ENTRIES SHOWN: Begin

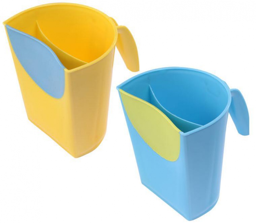 Gumová elastická časť vedierka zabraňuje stekaniu vody do očí a dve komory vedierka zabezpečia dôkladné opláchnutie všetkých častí hlavy.
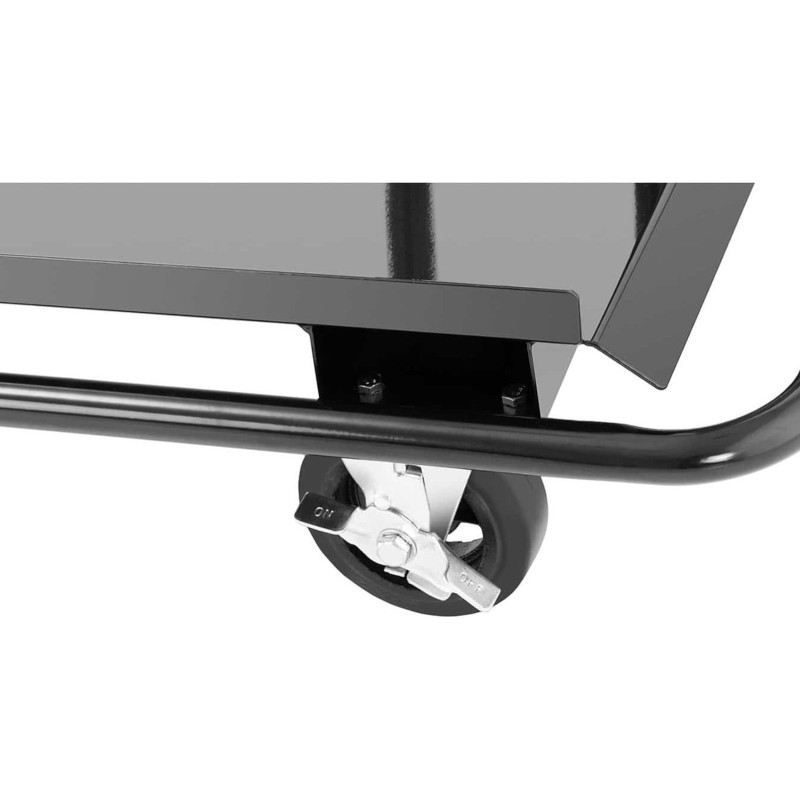 . Dank der geneigten Ladefläche rutschen die Produkte nicht herunter. Der Rahmen ist robust und hält intensiver Beanspruchung stand. Große Gummiräder mit einem Durchmesser von 15 cm
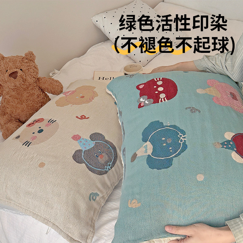 柔软卡通纯棉枕巾一对装全棉纱布透气防头油四季通用a类枕头垫巾
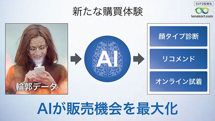 アプリでユーザの輪郭データを読み取り、視力や目からカメラまでの距離をAIで測定し、どのように眼鏡が顔にフィットしているかをリアルタイムで表示するほか、顔のタイプや大きさに合わせてオススメの商品も提示してくれる。手軽な価格後でわずか1〜2日後にカスタムメイドされた眼鏡が自宅に届くことから急成長している。
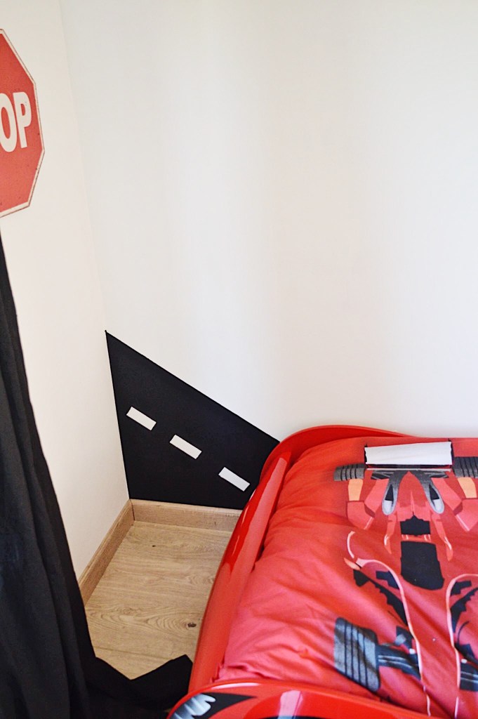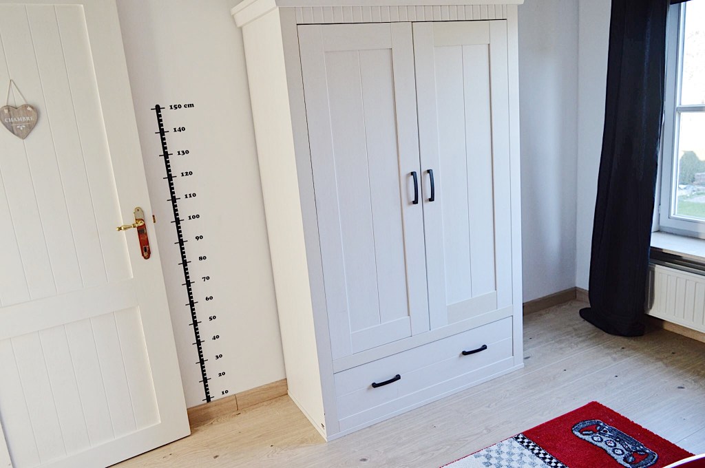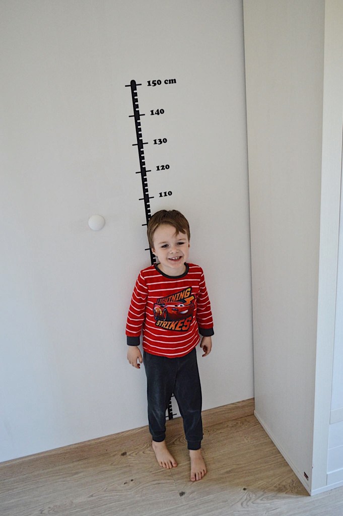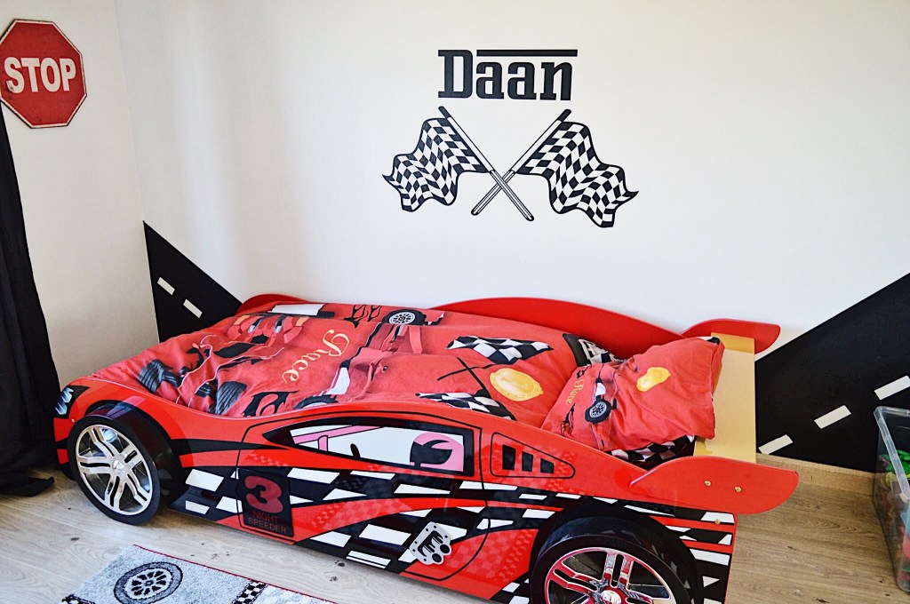 Wat een fantastische kamer. Mijn zoontje heeft ook zo’n mooi autobed. Nu gaan we verhuizen en wil zijn kamertje net iets meer afmaken. Ik vind de foto met de vlaggen op de muur erg leuk en de naam van je zoontje en delen van de racebaan op de muur. Ook het meetsysteem om te kijken hoe groot ze zijn is erg leuk! Mag ik vragen hoe je dit gedaan hebt?
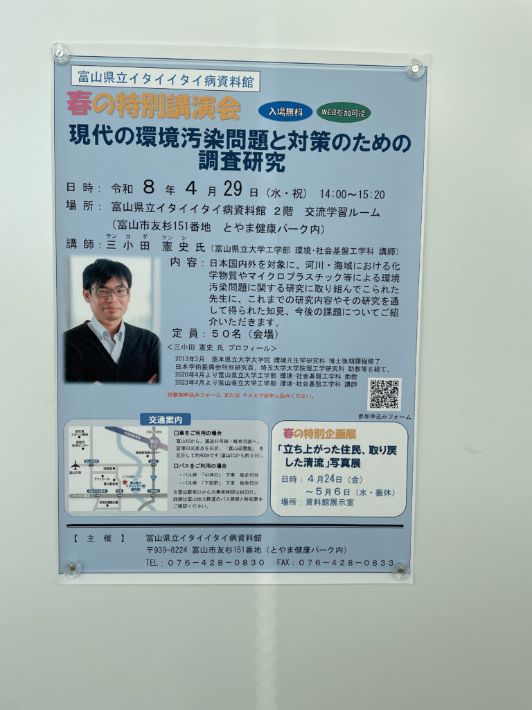 三小田講師が環境汚染問題に関して講演します 投稿日 2026年4月14日 本学科の三小田講師が、4月29日に富山県立イタイイタイ病資料館における春の特別講演会で、「現代の環境汚染問題と対策のための調査研究」と題して講演します。入場無料で、WEB参加も可能です。 参加申し込みはこちらから
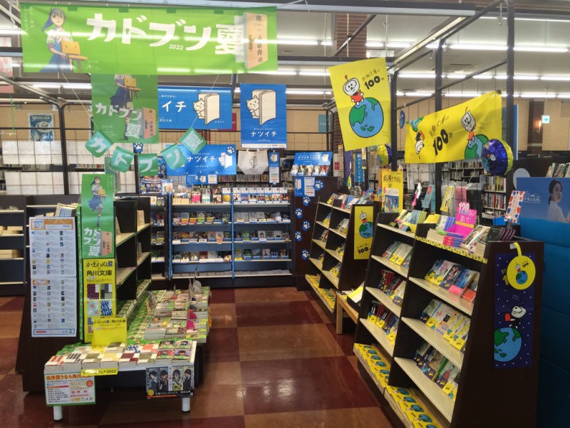 夏の定番、KADOKAWA、集英社、新潮社の文庫100冊フェアを今年も盛大に開催中!どれもこの夏に読んでおきたい名作ばかりです。無料小冊子も配布中。各社のフェア購入特典もゲットしちゃいましょう。また、先月より開始の「丸善ジュンク堂書店スタッフが選ぶ夏の文庫50冊 2022」も場所を変更して隣で展開中、こちらもよろしく。店舗中央催事コーナーにて。
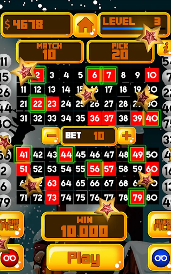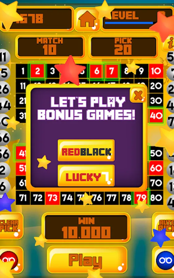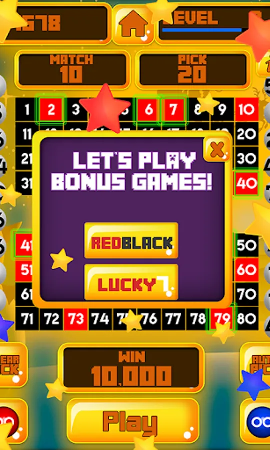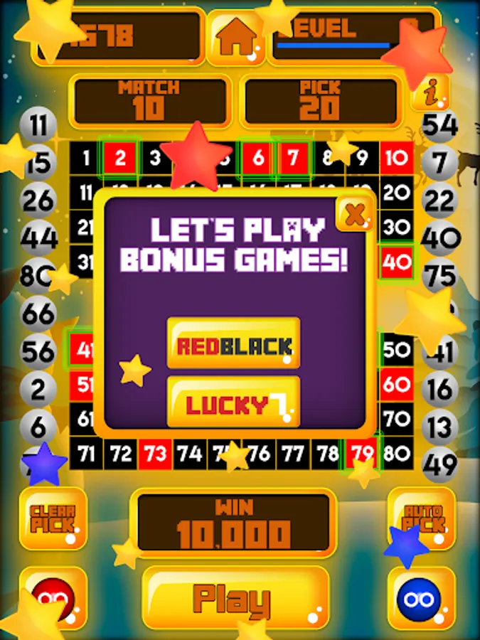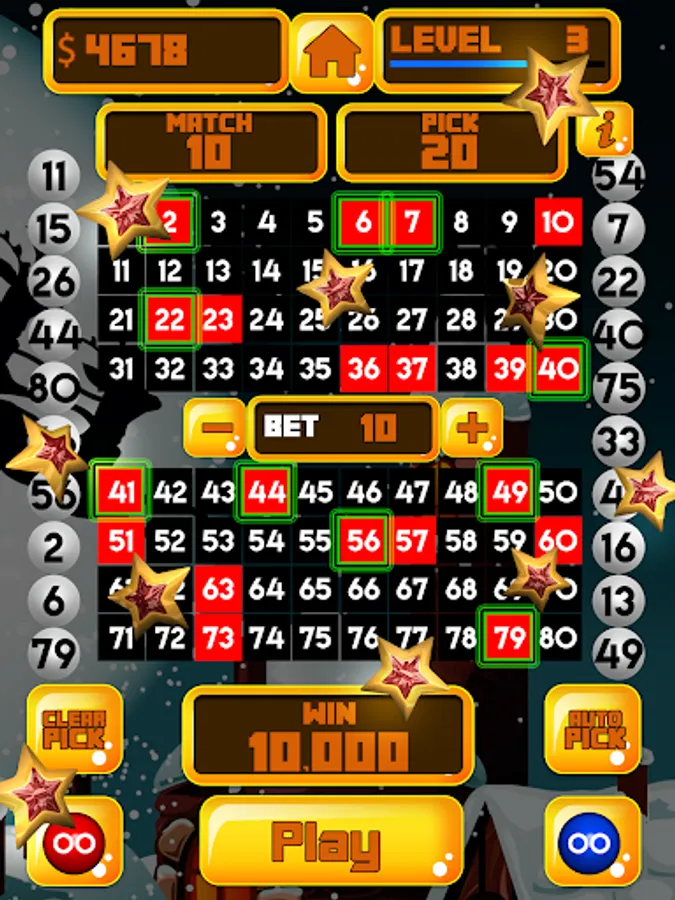 Choose between 1 and 20 numbers from the 80 displayed on the main grid. The computer then chooses 20 random numbers and if they match any of your numbers then you WIN. with different odds. Level up to bet more and win more.
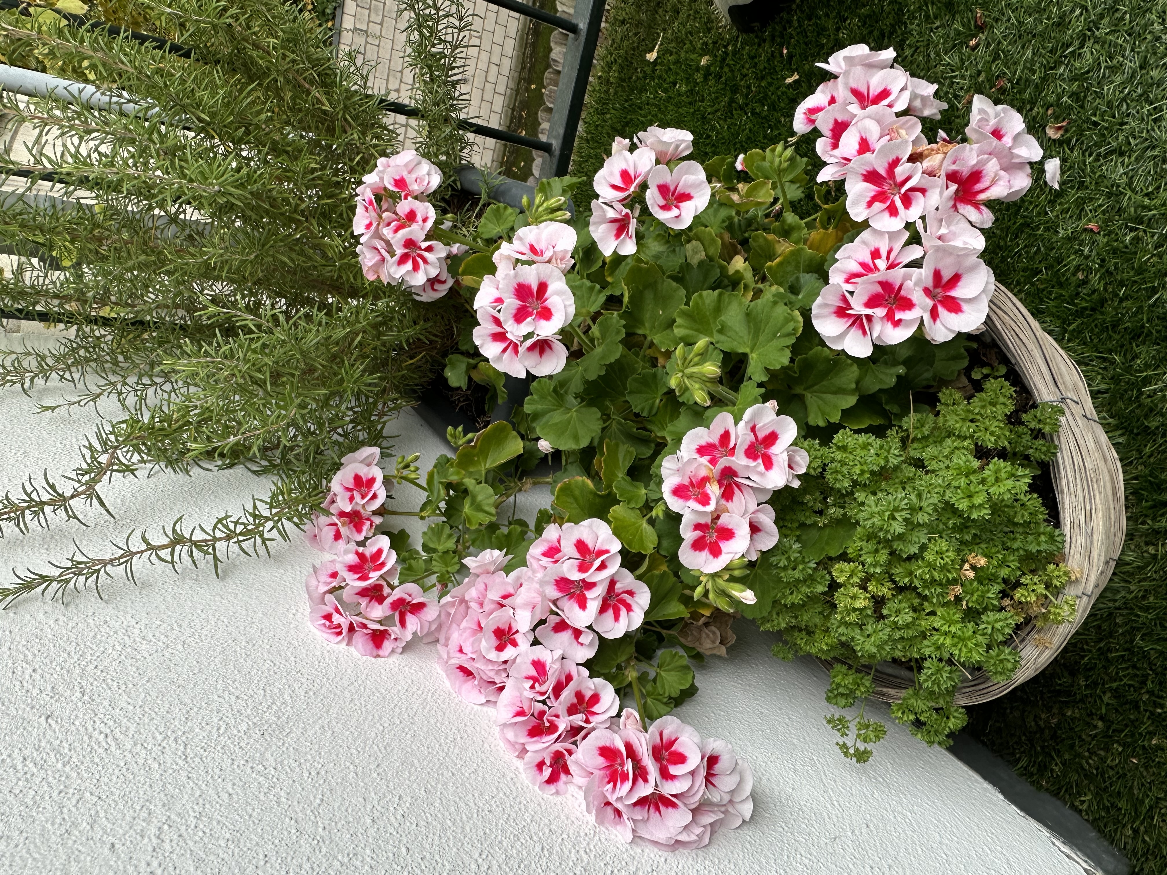 Es ist zwar noch mild, regnet aber. Ich habe mal angefangen, die Sommerblumen vom Balkon zu räumen. Die Geranien sind noch in voller Blüte und voller Knospen, die dürfen noch bleiben.

ENTRIES SHOWN: End

Your task is to restate word for word the lines from the one containing "Choose between 1" through the last line of the data, both ends included, with no pictures.

> WRITTEN ANSWER
 Choose between 1 and 20 numbers from the 80 displayed on the main grid. The computer then chooses 20 random numbers and if they match any of your numbers then you WIN. with different odds. Level up to bet more and win more.
 Es ist zwar noch mild, regnet aber. Ich habe mal angefangen, die Sommerblumen vom Balkon zu räumen. Die Geranien sind noch in voller Blüte und voller Knospen, die dürfen noch bleiben.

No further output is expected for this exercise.